ヴァッツァカは魔術で子牛に変身しました。しかしクリシュナは即座にそれを見破って、バララーマにもそれを教えると、無邪気な子供のように、ゆっくりとその子牛に近づいていったのです。
そしてクリシュナは、子牛に変身したその悪魔のしっぽと後ろ足をつかみ、ぐるぐると回転させて、カピッタの樹めがけて思いきり放り投げたのでした。するとその悪魔の身体からは、振り回される間に魂が抜けだしてしまい、その身体はカピッタの樹に思いきりぶつかり、果実を落としながら地面に落下してきたのでした。

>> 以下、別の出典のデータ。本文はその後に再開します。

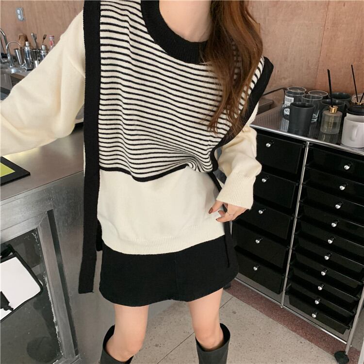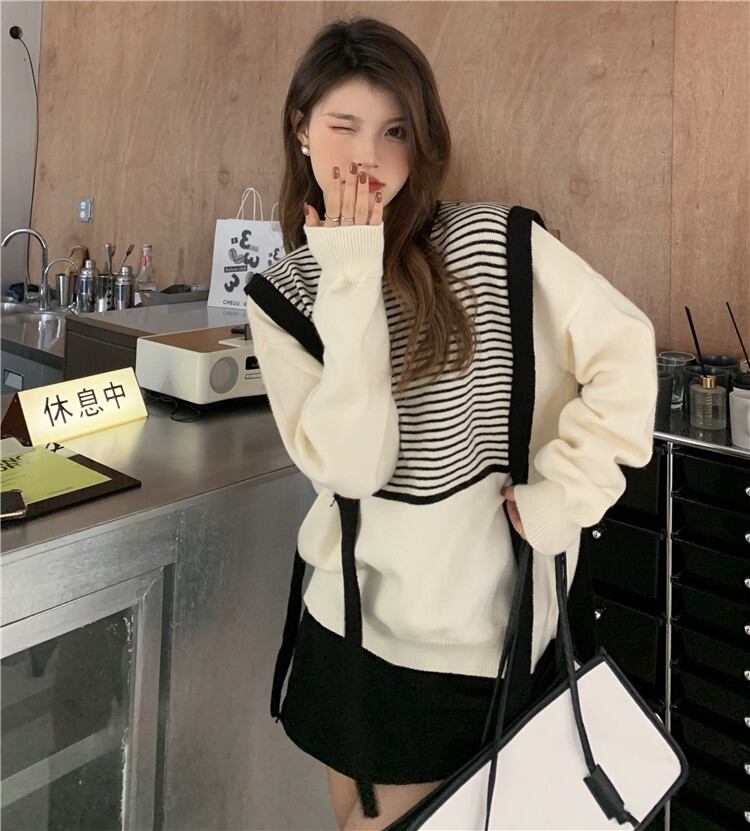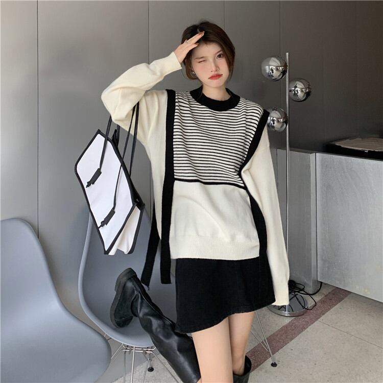秋冬の服にちょうど良い デザインセンス フェイク2ピース ニット トップス レディース 秋
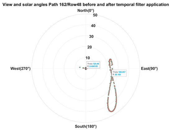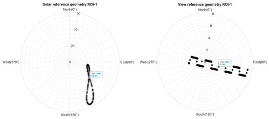 where is the resulting BRDF-normalized TOA reflectance, is the Landsat 8-OLI TOA reflectance, corresponds to the TOA reflectance predicted by the BRDF model, and is the reference reflectance estimated using a reference geometry of acquisition (solar and view geometries). For the solar reference geometry, a polar plot was used to display the solar geometry for a single randomly chosen pixel over time; the center value was selected as the reference solar geometry. In addition, the view geometry of the same scene for which the solar geometry was chosen was displayed using a polar plot. The center value in the polar plot was selected as the reference view geometry for each ROI. In this work, all pixels in each ROI were normalized to a reference reflectance computed using that acquisition reference geometry. An example of the reference geometry selection for ROI-1 is shown in Figure 5, where SZA = 30.51, SAA = 129.67, VZA = 2.42, and VAA = 109.11.

それを見ると、子供たちはおどろいたものの、「ああ、すごいや、よくやったね!」と言ってクリシュナに拍手喝采を送り、天からそれを見ていた神々も大いに喜んで、空から無数の華を振りまいたのでした。
またあるときは、バカという名の強大な悪魔が、巨大な鷲の姿に変身してやってきました。そしてその悪魔はクリシュナに近づくと、巨大なくちばしでクリシュナを飲み込んでしまったのです。
クリシュナが巨大な鷲に飲み込まれるのを見て、バララーマと子供たちは、驚きのあまりに呆然となってしまいました。
しかしクリシュナは、悪魔バカに飲み込まれたとき、その悪魔の喉を真っ赤に焼いたため、悪魔は悶絶して、クリシュナを吐きだしてしまいました。
悪魔バカは非常に憤慨し、今度は鋭いくちばしでクリシュナを刺し殺そうと、猛烈な勢いで突進してきました。しかしクリシュナはそのくちばしをうまくキャッチすると、そのまま悪魔バカの身体を真っ二つに引き裂いてしまいました。
それを見ていた天の神々は歓喜して、ナンダナの園(インドラ神の喜びの園)に咲くジャスミンの花を振りまきました。そして天の太鼓をたたき、法螺貝を吹き鳴らし、賛歌を歌って、クリシュナに心からの喝采をささげました。そしてその様子を、子供たちは脅威の様子で眺めていたのでした。
クリシュナが悪魔バカに打ち勝って、無事に子供たちのところへ戻ってきたとき、バララーマと子供たちは安心して、クリシュナを抱きしめました。そして彼らはその後、この出来事を村の大人たちに話しました。
それを聞いた牛飼いやゴーピーたちは非常に驚きましたが、同時に、さまざまなかたちで悪魔に襲われてもかえって悪魔の方が破滅させられてしまう、このクリシュナの偉大さに驚き、讃嘆し、喜びました。
ナンダをはじめとする牛飼いたちは、このようにクリシュナのことばかりを話し、それに非常な喜びを覚えていたために、彼らはこの輪廻の世界の苦しみを、少しも経験しなかったのでした。
クリシュナとバララーマの二人は、このようにしてヴラジャにおける子供時代を、かくれんぼ遊びや、河の堰を作ったり、猿のようにとび跳ねたりしながら、楽しくすごしていかれたのでした。